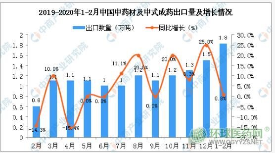 據(jù)中商產(chǎn)業(yè)研究院數(shù)據(jù)庫顯示,2020年1-2月中國中藥材及中式成藥出口量有所增長,2020年1-2月中國中藥材及中式成藥出口量為1.8萬噸,同比增長0.8%。
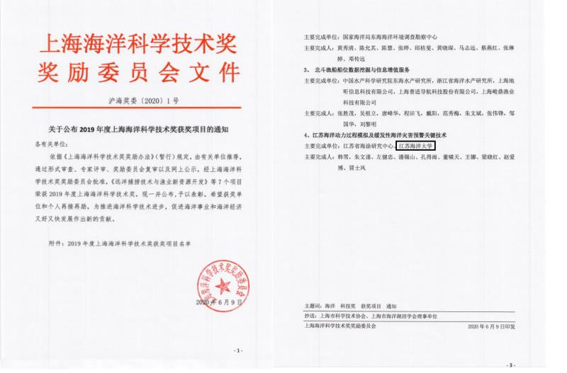 该奖为大海区海洋奖,参评单位主要来自上海市、江苏、浙江和福建省的海洋科研院所。经过层层评选,公司科研团队研究的“江苏省海洋动力过程模拟及缓发性海洋灾害预警关键技术”科研成果,获得“2019年上海海洋科学技术奖二等奖”。此次获奖是业界对公司科研团队在海洋科学技术领域取得的成绩给予的肯定。
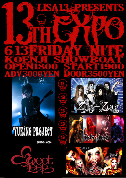 6/13(金)はMoth in LilacのLisa13(Guitar)による初主催イベント「13th EXPO」として開催される。共演者には、AUTO-MODのギタリスト・YUKINOによるYUKINO PROJECTらが名を連ねている。YUKINO PROJECTのメンバーはSEIJI(ephemera)、SHOWY(Bordeaux, AUTO-MOD)、TAKE(LOOPUS, T4R)、YUKINO(AUTO-MOD)というレアな顔ぶれだ。
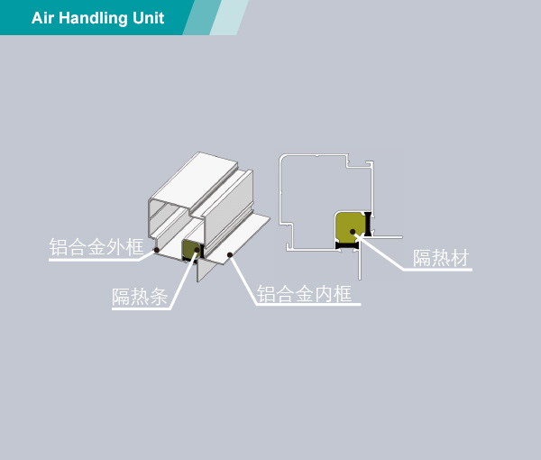bandao新一代MAH组合式空气处理机,艾洛斯(Aiolos)系列,采用防冷桥铝合金框架结构设计,面板与框架为压扣连接方式。

■ **Prompt**
Leaving out the pictures, reproduce the whole listing above exactly.

■ **Solution for this problem**
 據(jù)中商產(chǎn)業(yè)研究院數(shù)據(jù)庫顯示,2020年1-2月中國中藥材及中式成藥出口量有所增長,2020年1-2月中國中藥材及中式成藥出口量為1.8萬噸,同比增長0.8%。
 该奖为大海区海洋奖,参评单位主要来自上海市、江苏、浙江和福建省的海洋科研院所。经过层层评选,公司科研团队研究的“江苏省海洋动力过程模拟及缓发性海洋灾害预警关键技术”科研成果,获得“2019年上海海洋科学技术奖二等奖”。此次获奖是业界对公司科研团队在海洋科学技术领域取得的成绩给予的肯定。
 6/13(金)はMoth in LilacのLisa13(Guitar)による初主催イベント「13th EXPO」として開催される。共演者には、AUTO-MODのギタリスト・YUKINOによるYUKINO PROJECTらが名を連ねている。YUKINO PROJECTのメンバーはSEIJI(ephemera)、SHOWY(Bordeaux, AUTO-MOD)、TAKE(LOOPUS, T4R)、YUKINO(AUTO-MOD)というレアな顔ぶれだ。
bandao新一代MAH组合式空气处理机,艾洛斯(Aiolos)系列,采用防冷桥铝合金框架结构设计,面板与框架为压扣连接方式。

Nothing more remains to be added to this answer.